═══ PROVIDED DATA

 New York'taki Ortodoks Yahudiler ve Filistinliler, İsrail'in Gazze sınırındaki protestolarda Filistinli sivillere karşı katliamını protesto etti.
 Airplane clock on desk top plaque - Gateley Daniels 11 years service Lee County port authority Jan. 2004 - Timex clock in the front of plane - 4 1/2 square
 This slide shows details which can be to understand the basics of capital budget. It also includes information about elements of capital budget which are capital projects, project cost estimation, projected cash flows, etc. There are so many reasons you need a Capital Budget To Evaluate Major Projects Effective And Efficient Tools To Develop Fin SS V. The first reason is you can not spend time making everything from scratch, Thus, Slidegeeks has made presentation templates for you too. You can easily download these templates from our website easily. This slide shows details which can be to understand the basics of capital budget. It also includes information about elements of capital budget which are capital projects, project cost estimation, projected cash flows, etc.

══════
═══ PROVIDED DATA

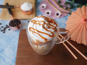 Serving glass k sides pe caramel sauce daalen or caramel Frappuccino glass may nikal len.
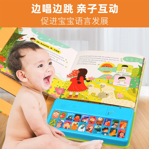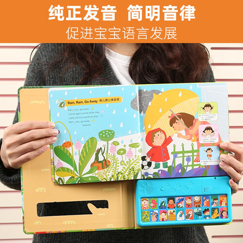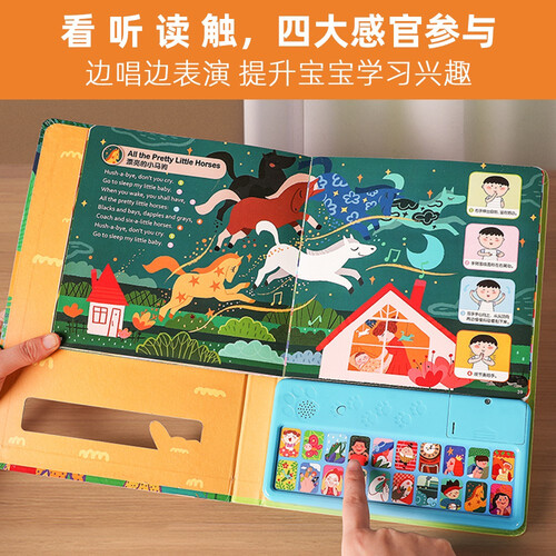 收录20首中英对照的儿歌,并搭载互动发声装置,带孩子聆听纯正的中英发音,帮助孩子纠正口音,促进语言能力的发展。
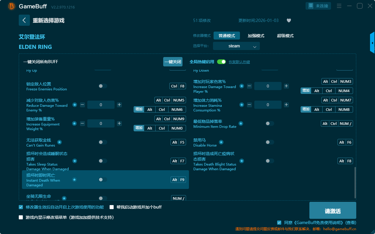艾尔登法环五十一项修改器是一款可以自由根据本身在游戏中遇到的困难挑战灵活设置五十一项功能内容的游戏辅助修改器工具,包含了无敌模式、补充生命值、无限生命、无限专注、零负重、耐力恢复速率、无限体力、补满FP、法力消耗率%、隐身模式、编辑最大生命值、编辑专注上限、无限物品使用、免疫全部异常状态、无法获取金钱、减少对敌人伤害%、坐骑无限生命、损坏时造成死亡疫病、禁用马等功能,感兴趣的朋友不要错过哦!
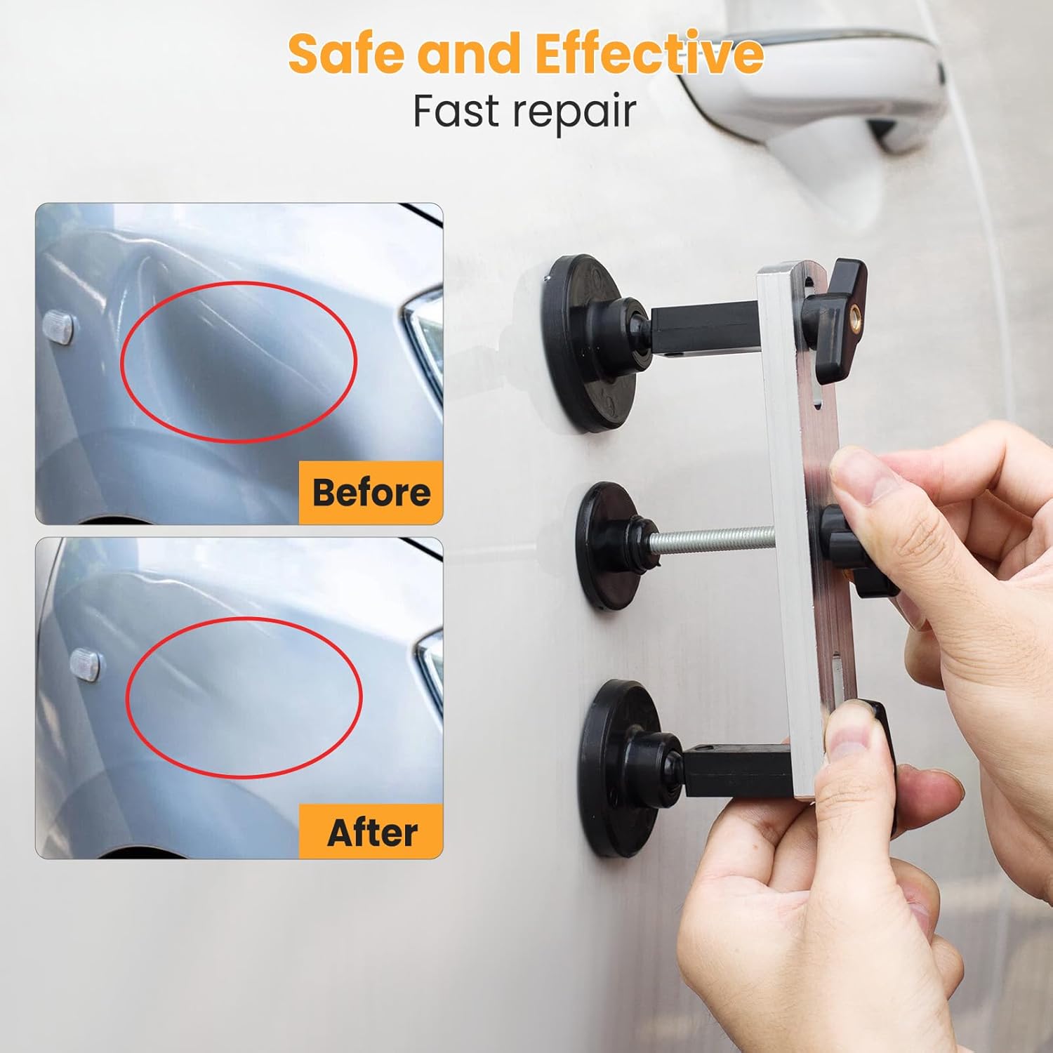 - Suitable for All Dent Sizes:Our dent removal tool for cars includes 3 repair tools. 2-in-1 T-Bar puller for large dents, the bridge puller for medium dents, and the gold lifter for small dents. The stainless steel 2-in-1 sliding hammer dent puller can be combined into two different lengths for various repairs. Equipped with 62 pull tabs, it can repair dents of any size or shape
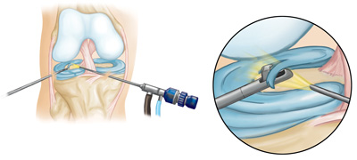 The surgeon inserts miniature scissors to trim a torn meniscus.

══════

WHAT IS NEEDED |
Using the data above, retype exactly the lines from the line with "收录20首中英对照的儿歌,并" to the line with "The surgeon inserts", inclusive. No pictures and nothing else.

THE COMPLETED TASK |
 收录20首中英对照的儿歌,并搭载互动发声装置,带孩子聆听纯正的中英发音,帮助孩子纠正口音,促进语言能力的发展。
艾尔登法环五十一项修改器是一款可以自由根据本身在游戏中遇到的困难挑战灵活设置五十一项功能内容的游戏辅助修改器工具,包含了无敌模式、补充生命值、无限生命、无限专注、零负重、耐力恢复速率、无限体力、补满FP、法力消耗率%、隐身模式、编辑最大生命值、编辑专注上限、无限物品使用、免疫全部异常状态、无法获取金钱、减少对敌人伤害%、坐骑无限生命、损坏时造成死亡疫病、禁用马等功能,感兴趣的朋友不要错过哦!
 - Suitable for All Dent Sizes:Our dent removal tool for cars includes 3 repair tools. 2-in-1 T-Bar puller for large dents, the bridge puller for medium dents, and the gold lifter for small dents. The stainless steel 2-in-1 sliding hammer dent puller can be combined into two different lengths for various repairs. Equipped with 62 pull tabs, it can repair dents of any size or shape
 The surgeon inserts miniature scissors to trim a torn meniscus.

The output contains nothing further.